Die Analyse nach der 16. Etappe

Tour de France: Ewan überwindet den Hitzekoller

Von Michael Ostermann (Nimes)

Caleb Ewan gewinnt den erwarteten Massensprint in Nimes. Doch das große Thema der 16. Etappe ist die Hitze, die auch dem Etappensieger schwer zu schaffen macht.

Es ging alles sehr schnell im Zielbereich der 16. Etappe der Tour de France in Nimes. Die Fans, die dort stundenlang im spärlichen Schatten ausgeharrt hatten, um einen Blick auf die Protagonisten des Rennens zu werfen, bekamen nicht viel zu sehen. Die meisten Radprofis waren ruckzuck in den klimatisierten Bussen verschwunden. Kühlwesten, Getränke, ab in den Bus - raus aus der Hitze.
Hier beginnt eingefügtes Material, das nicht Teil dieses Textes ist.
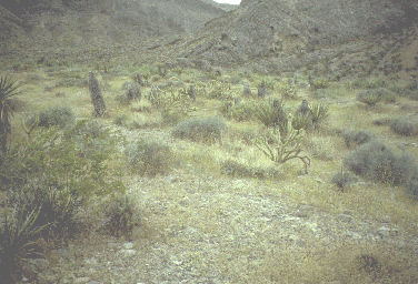 funerea, Larrea tridentata, Yucca schidigera. Mean lichen crust thickness: 13.6 mm Cover summary:Type Cover % Cover Shrubs 0.0 Annuals 7.6 Perennial grasses 0.0 Perennial forbs 0.0 Algal crust 1.2 Bryophytes 4.0 Lichen crust 12.4 Bare Soil 1.2 Rock 29.6 Gravel 42.0 Litter 1.6 Cactus 0.4 Chlorophyll a (ng/g): 9487.80 |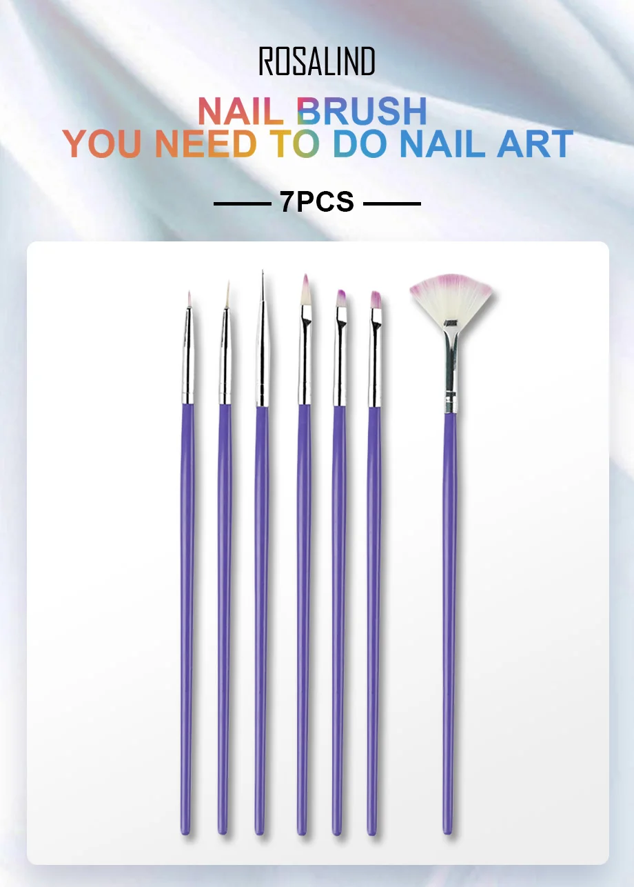 Кисти для ногтей ROSALIND, 7 шт., все для маникюра, инструменты для дизайна ногтей, Наборы инструментов для рисования геля, гибридные Лаки, набор кистей для самостоятельного изготовления геля для ногтей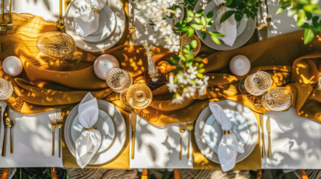 A well-lit, top-down view showcases a table set for a formal event. The composition features white plates, sparkling glassware, and decorative greenery and candles. The scene suggests a sophisticated ambiance, with textures of fabric and wood. Suitable for various editorial and commercial applications.
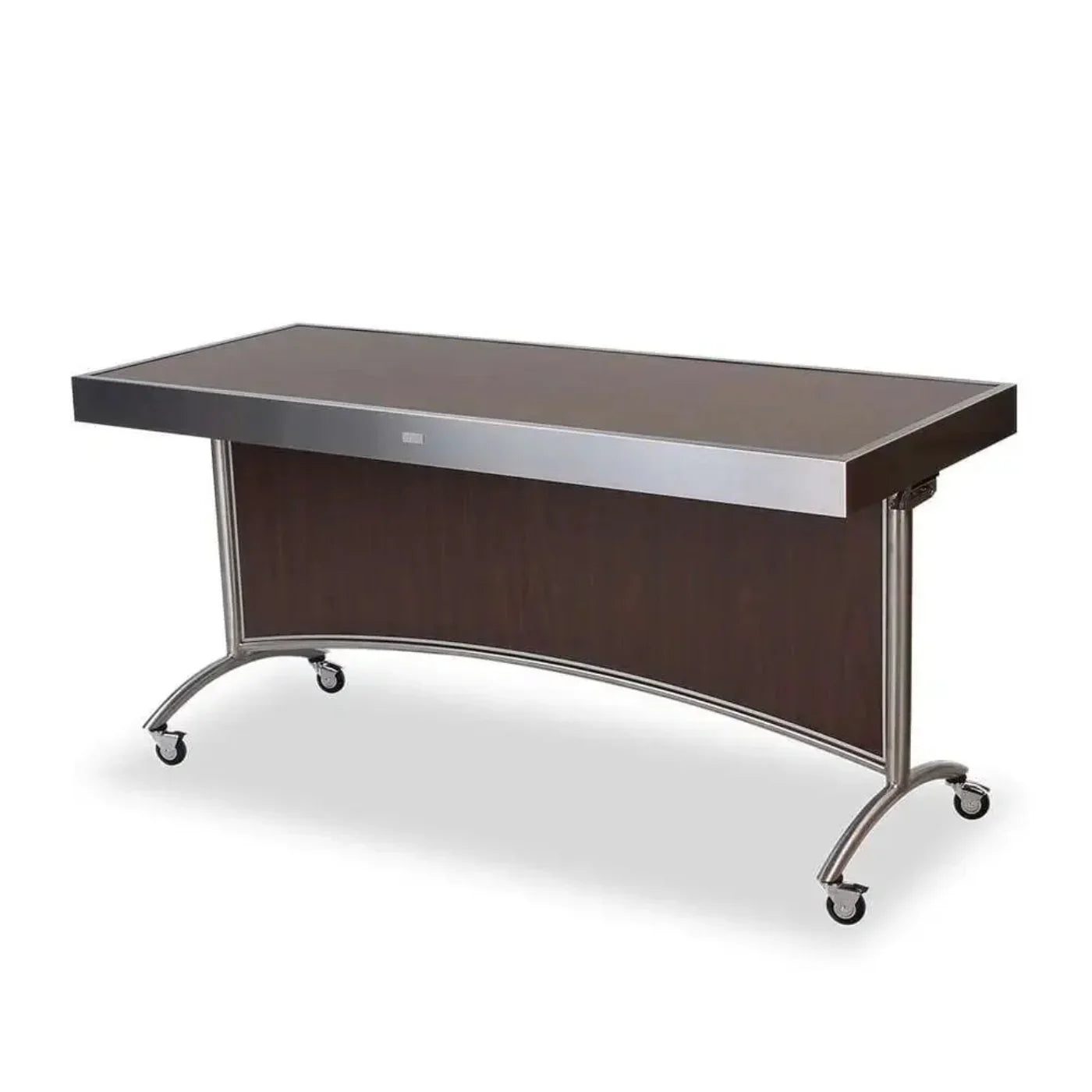 A: It’s a 30" x 72" (6-ft) mobile, nestable table featuring a stainless steel-framed laminate tabletop and stylish, modern legs.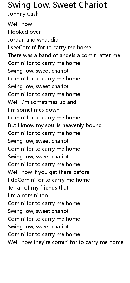 Swing low, sweet chariot |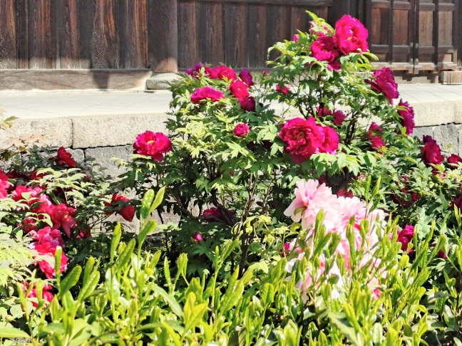 次は安井金比羅宮へ向かうので、建仁寺の境内を歩きます。すると牡丹が見頃でした。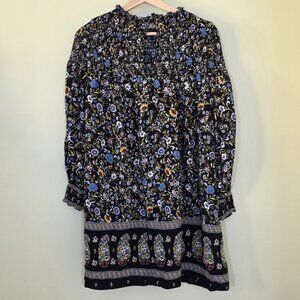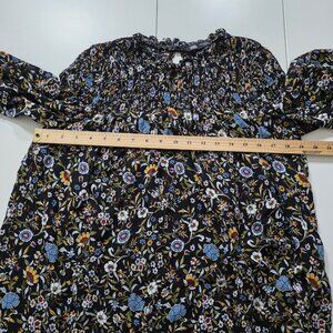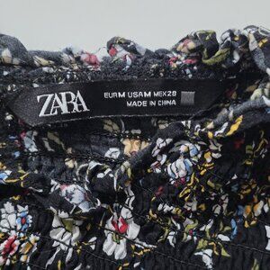 Zara Mini Tunic Dress Women L Black LS Smocked Floral Whimsigoth Boho Printed

Eiswürfel im Helm und im Trikot

Nur diejenigen, die noch Verpflichtungen hatten, mussten noch bleiben. Caleb Ewan, der Etappensieger zum Beispiel oder Julian Alaphilipe, der nach wie vor das Gelbe Trikot trägt. Der Franzose allerdings machte ebenfalls direkt nach der Podiumszeremonie die Biege und verzichtete auf einen Gang durch die Mixed Zone und in die Pressekonferenz, um die Fragen der Weltpresse zu beantworten.

Die Hitze war eines der beherrschenden Themen an diesem Tag. Schon mittags am Start an der römischen Arena in Nimes hatte das Thermometer 38 Grad im Schatten angezeigt, und unterwegs war es dann auf der meist freien, schattenlosen Fläche sogar deutlich heißer gewesen. Man sah Fahrer Eiswürfel in die Luftschlitze ihrer Helme und unter das Trikot stecken, um sich ein wenig Kühlung zu verschaffen.

16. Etappe - die Zusammenfassung Sportschau 23.07.2019 03:13 Min. Verfügbar bis 23.07.2020 Das Erste

Regeln für extremes Wetter

"Das war schon extrem heute", sagte Grischa Niermann, sportlicher Leiter bei der niederländischen Equipe Jumbo-Visma, dessen Sprinter Dylan Groenewegen auf Rang drei gesprintet war. "Das Peloton dann auf die Reise zu schicken, gehört dazu, aber gesund ist das nicht."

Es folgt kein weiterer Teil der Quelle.